The LA Times had a story this summer describing how the Karl Rove and the Republicans have a strategy of attacking the weakest candidate, thus leading Democrats to rally around him/her while growing distrustful of the stronger candidate. In 2004, they did this by attacking Kerry, the weaker candidate, in order to beat back the stronger candidate in Edwards.
http://www.washingtonpost.com/wp-dyn/content/blog/2007/08/20/BL2007082000872_pf.htmlWallsten recalls what Rove lieutenant Matthew Dowd apparently acknowledged during a conference at Harvard shortly after the 2004 election. During the primaries, Rove was considerably more afraid of then-Sen. John Edwards of North Carolina than of Sen. John Kerry of Massachusetts, Dowd said. "Whomever we attacked was going to be emboldened in Democratic primary voters' minds," Dowd said.
So they attacked Kerry.
Like deja vu, this year Rove and other Republicans have publicly attacked Hillary while avoiding talking about Obama or Edwards. A couple weeks ago, Karl Rove wrote a column offering Obama "unsolicited advice on how to defeat Hillary Clinton". And some pundits like
Joe Conason and
Earl Ofari Hutchinson took the bait, saying this showed that Rove and the Republicans thought Obama was the weaker candidate. How does that saying go: "Fool me once, shame on...shame on you. Fool me...you can't get fooled again."

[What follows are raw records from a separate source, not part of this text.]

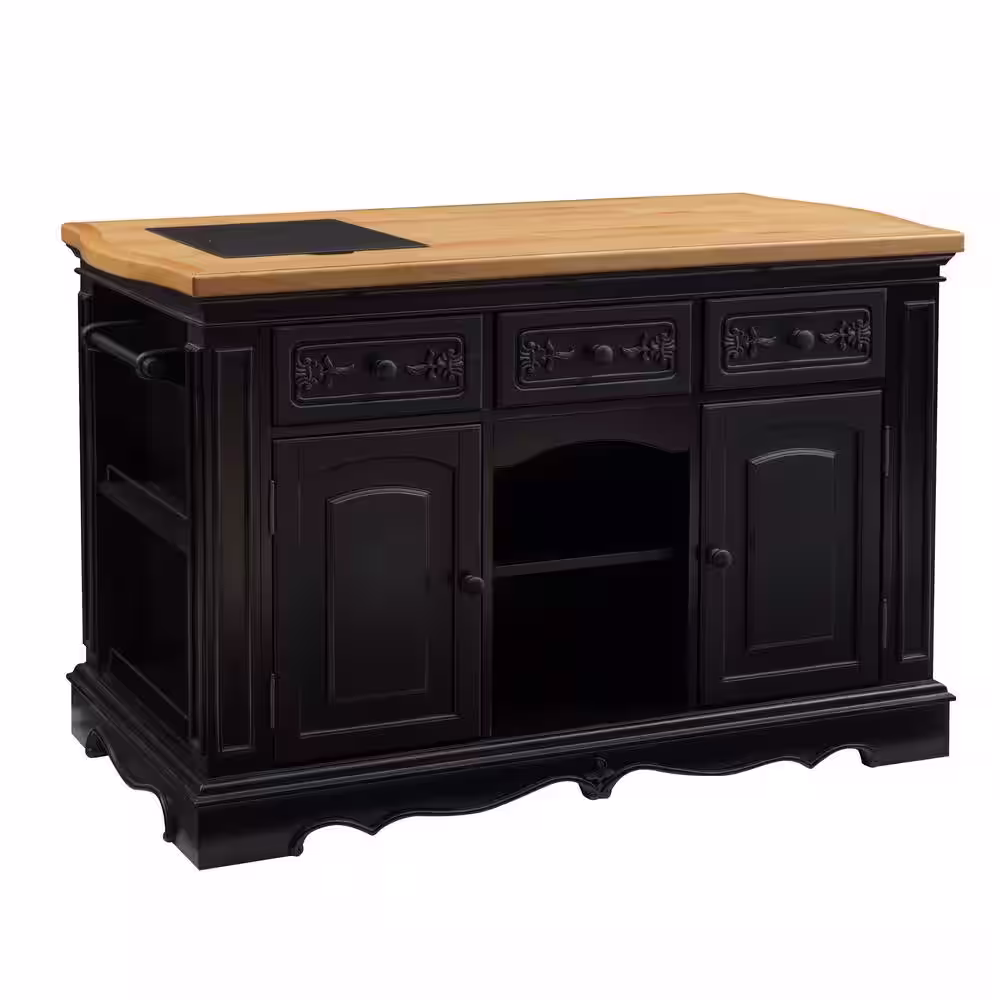 Home Decorators Collection Black Kitchen Island with Natural Butcher Block Top
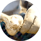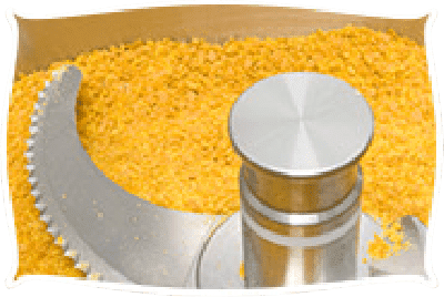 乾燥したにんにく卵黄を粉砕機で砕きます
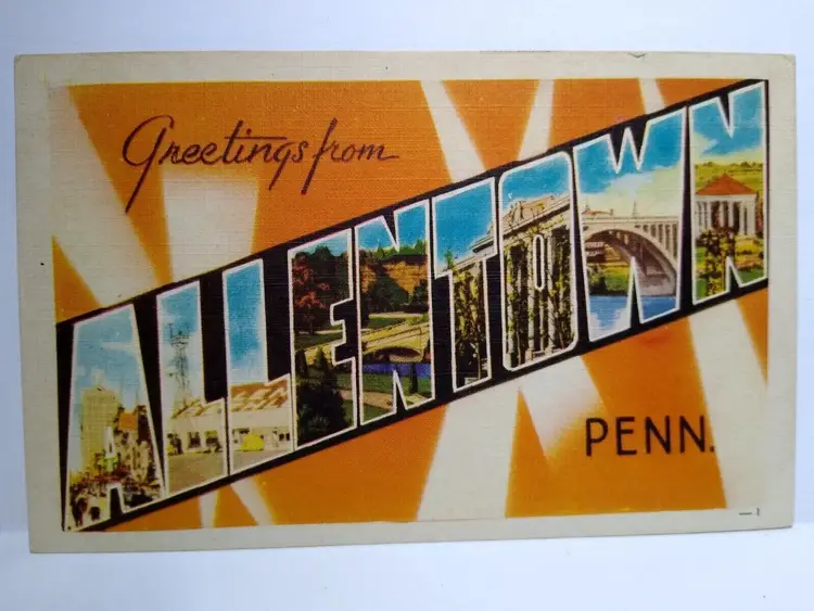 Size: Standard (5.5 x 3.5 in) Custom Bundle: No Continent: North America Region: Pennsylvania Country: USA Type: Linen Postcard Year Manufactured: 1950 Number of Items in Set: 1 Signed: No Original/Licensed Reprint: Original Occasion: Sayings & Quotes City: Allentown Time Period Manufactured: 1930's-1950's Unit of Sale: Single Unit Era: Linen (1930-1945) Artist: Unknown Country/Region of Manufacture: United States Material: Paper Theme: Big Letter, Large Letter, Block Letters, Buildings, Architecture, Greetings Features: Large Letter Postcard, Buildings, Scenic, Greetings, Greetings From, Big Letter, Linen Postcard Subject: Greetings From Postage Condition: Unposted Brand/Publisher: Dexter Franchise: Unknown
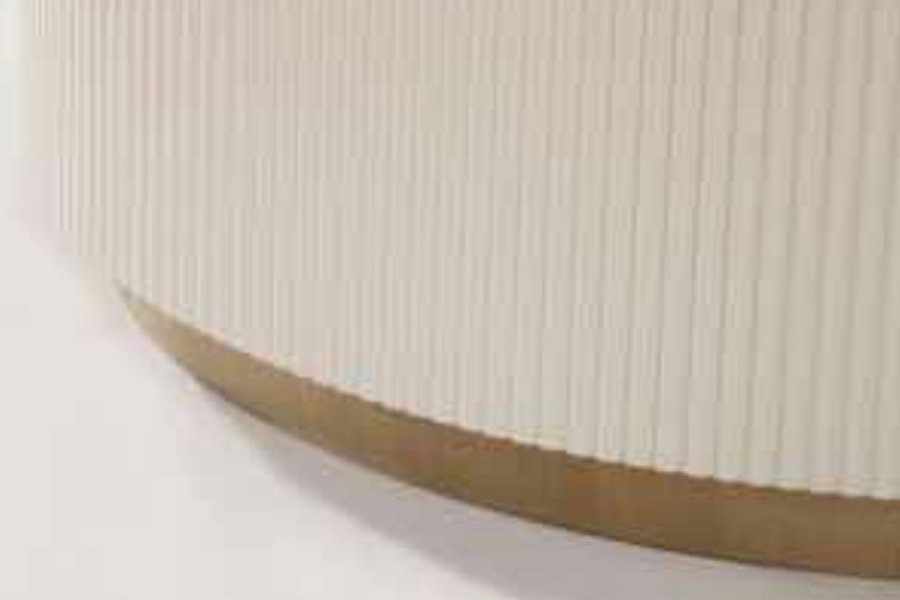 Ο στρογγυλός του σχεδιασμός με ανάγλυφη κατακόρυφη υφή στη βάση δημιουργεί ένα διακριτικό αλλά ιδιαίτερο αποτέλεσμα, που προσθέτει χαρακτήρα στον χώρο χωρίς να τον επιβαρύνει.

Of course, I'm not saying that this proves the Republicans think Hillary is the weaker candidate. It's just as likely Rove and the Republicans are playing reverse reverse psychology now that the word is out on their prior tricks. The bottom line is that it's impossible to know. And really, why should we care what Rove or any of the Republicans think? I keep seeing people argue about who the Republicans fear. Why should it matter? Are they any smarter than us? If anything, it's the opposite. So maybe we should just focus on finding the best candidate instead of falling for these stupid Republican mind games.